Absent false statements or material omissions in the affidavit of probable cause, there is no basis for causes of action for false arrest and false imprisonment predicated on lack of probable cause. Craig has made no argument nor presented any evidence that the police falsified any information or omitted material information that created a falsehood in the affidavit. Instead, he attacks the thoroughness and efficiency of the police investigation. His attack is not premised on a constitutional violation, but rather on negligence.
Craig does not dispute any of the facts recited in the affidavit supporting the arrest warrant. He does not challenge the arrest warrant, either in his complaint or in his opposition brief. Instead, his complaint reiterates and relies upon the facts recited in the affidavit of probable cause. He makes no claim and has presented no evidence that the warrant was facially invalid or that the affidavit does not make out probable cause.

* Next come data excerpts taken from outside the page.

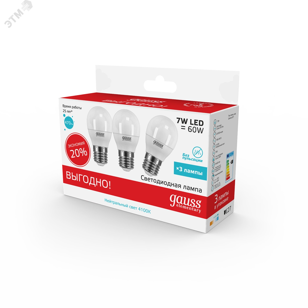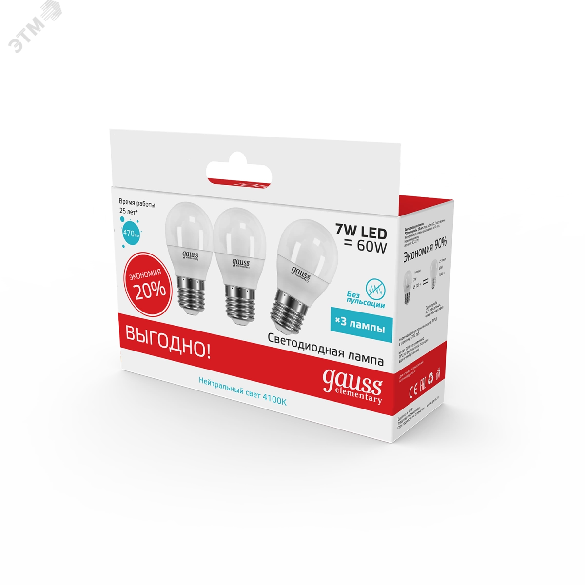Лампа светодиодная LED 7 Вт 470 Лм 4100К белая E27 Шар (3 лампы в упаковке) Elementary Gauss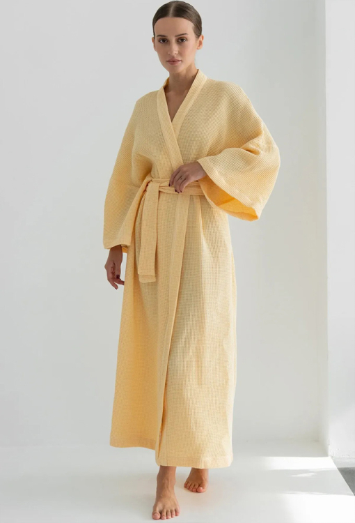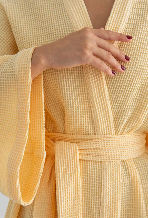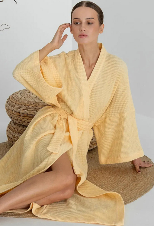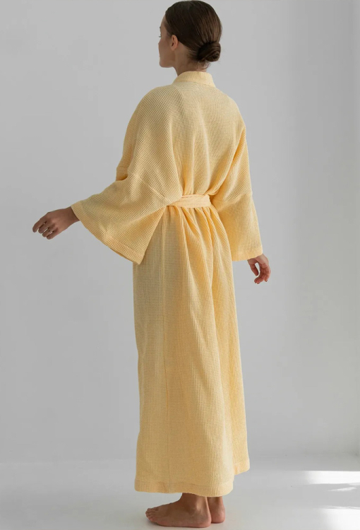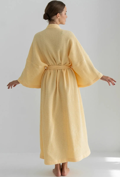 Зручний жіночий халат кімоно Canary від українського бренду Forly. Халат виконаний з якісного та м'якого вафельного полотна жовтого кольору та довжиною в підлогу. Модель вільного силуету з довгими розширеними рукавами й заниженим плечовим швом зав'язується на запах за допомогою широкого довгого пояса. Завдяки високій якості матеріалу, виріб не дає усадку, практично і просто у догляді. Халат дуже красивий і приємний до тіла, підкреслить привабливість жіночого домашнього образу, а також може бути чудовим подарунком коханій та близькій людині.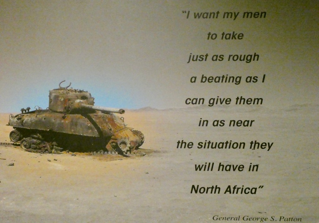 Patton must have been a good interview because the museum was full of his quotes. Patton speaking also got him into some trouble . At one point he was sent to desk duty for accusing a shell shocked soldier of malingering.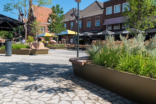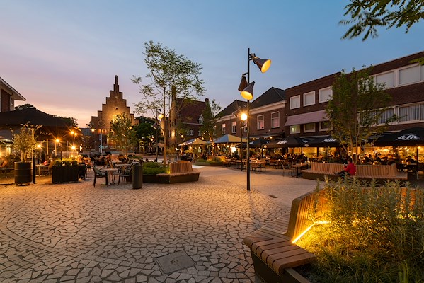 Burobol ontwierp voor Gemeente Waalwijk een levendig stadshart, waarbij het Raadhuisplein en de Markt zich weer als verschillende pleinen profileren. Het historische gebouwenensemble van architect Kropholler op het Raadhuisplein en het lommerrijke, gastvrije horeca gedeelte op de Markt. Waterberging onder de verharding en een diversiteit aan bomen. Resultaat van een topteam met gemeente en specialisten. Grijsen Park en Straatdesign verzorgde de door Burobol ontworpen boombanken en Rots Maatwerk bv de fraaie fontein bij de lantaarn. Handelsmij. Van den Elshout en de Bont B.V. heeft de unieke natuursteen verharding en gezaagde radialen naar de lantaarn vakkundig en superstrak aangelegd. Arjen van der Cruijsen maakte het lichtplan met armaturen met leerpatroon.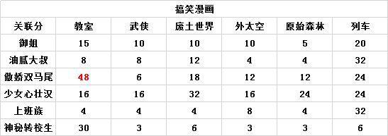 前三分别是:傲娇双马尾+教室=48分;少女心壮汉+废土世界=32分、油腻大叔+列车=32分、上班族+列车=32分;神秘转校生+教室=30分。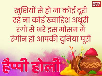 खुशियों से हो ना कोई दूरी, रहे ना कोई ख्वाहिश अधूरी, रंगो से भरे इस मौसम में, रंगीन हो आपकी दुनिया पूरी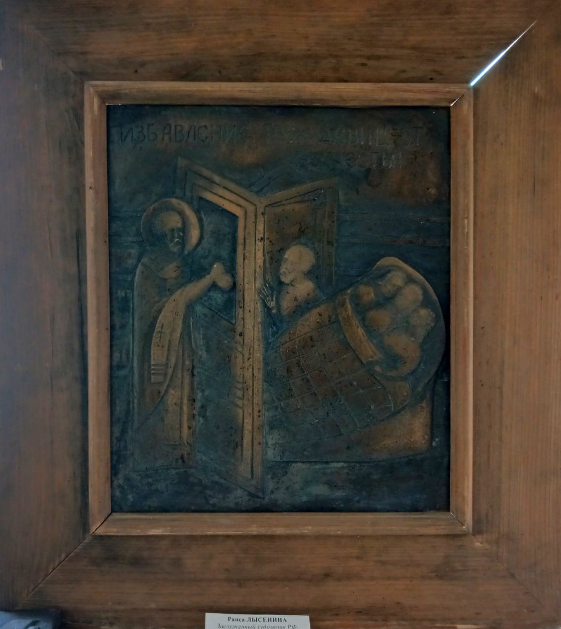 В поселке Солотча, что находится в 25км от Рязани, находится памятник Николаю Чудотворцу. Автором памятника-копии стала скульптор – Раиса Лысенина. Постамент украшен восемью клеймами, в которых отражены основные деяния Николая Чудотворца. Среди них – Клейма «Житие Св. Николая Чудотворца. Утешение бури». Такую же клейму автор изготовила и передала в дар для нашей Галереи искусств — как знак духовного и художественного единения, как мост между разными уголками нашей необъятной страны.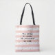 This chic tote bag has a blush pink and white watercolor striped background with a smattering of simulated gold confetti overtop. There is also customisable wording that says: "They told her she couldn't. She showed them she could." If you require any assistance, please email niteowlstudio@gmail.com.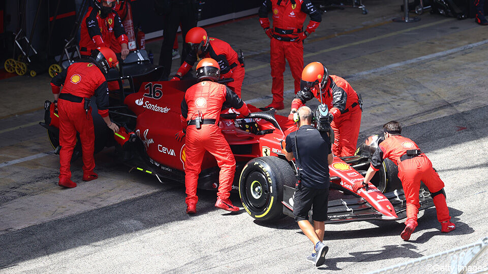 Tot Leclerc opeens stapvoets over het parcours sputterde: vermogenverlies. De Monegask was genoodzaakt om zijn Ferrari in de garage te parkeren.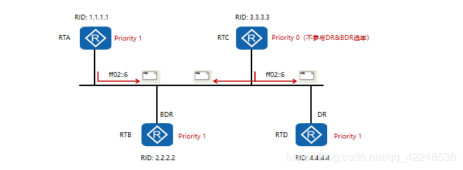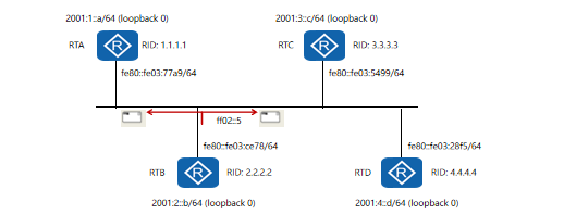 (3)IPv6使用组播地址FF02::6表示AllDRouters,而OSPFv2中使用的是组播地址224.0.0.6。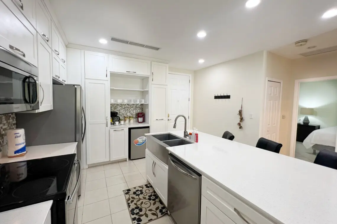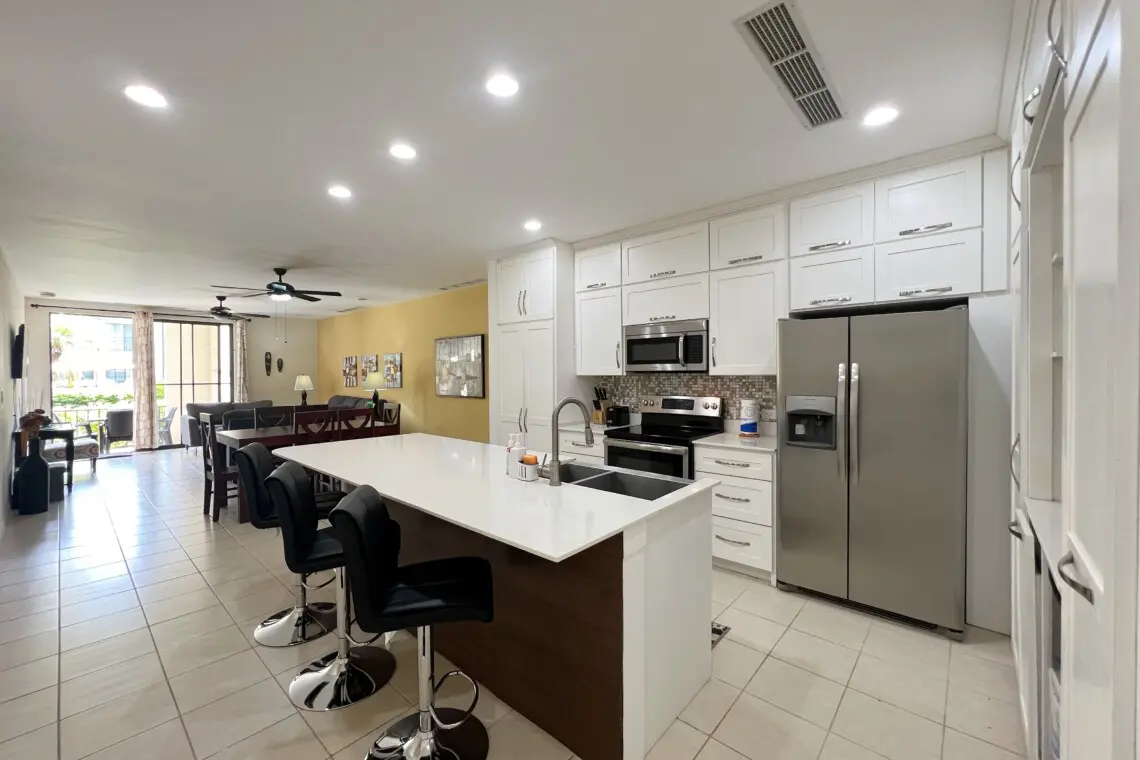Inside, modernity meets functionality in the sleekly updated kitchen, boasting quartz countertops, stainless steel appliances, and a convenient breakfast bar seating three. The interior dining area comfortably accommodates six, perfect for hosting memorable meals or lively game nights. Outside, a charming dining table for four awaits on the terrace, alongside a cozy conversation set, offering an idyllic spot to savor al fresco dining or unwind with a sunset cocktail.

Typically, the question of whether the police had probable cause is one of fact for the jury. Montgomery v. De Simone, 159 F.3d 120, 124 (3d Cir. 1998) (citing Patzig v. O’Neil, 577 F.2d 841, 848 (3d Cir. 1978)); Groman, 47 F.3d at 635. However, we may conclude that probable cause existed as a matter of law if the evidence, viewed in favor of the non-moving party, “reasonably would not support a contrary factual finding.” Estate of Smith v. Marasco, 318 F.3d 497, 514 (3d Cir. 2003) (quoting Sherwood v. Mulvihill, 113 F.3d 396, 401 (3d Cir. 1997)); Merkle v. Upper Dublin Sch. Dist., 211 F.3d 782, 788-89 (3d Cir. 2000). In other words, if a reasonable jury could not conclude that there was a lack of probable cause, the defendants are entitled to summary judgment.
The identification of an individual as the perpetrator of a crime by a comparison of photographs may establish probable cause for an arrest. United States v. Scheets, 188 F.3d 829, 837-38 (7th Cir. 1999) (finding probable cause to arrest where police officers compared a photograph of the perpetrator at the crime scene produced by a surveillance camera with a photograph of the arrestee and the arrestee himself); Grimm v. Churchill, 932 F.2d 674, 675 (7th Cir. 1991) (“When an officer has ‘received his information from some person . . . who it seems reasonable to believe is telling the truth, ’ he has probable cause”)(citations omitted); Mears v. McCulley, 881 F.Supp.2d 1305, 1321 (N.D. Ala. 2012) (finding probable cause to arrest where plaintiff was mistakenly arrested after being identified by his uncle and aunt).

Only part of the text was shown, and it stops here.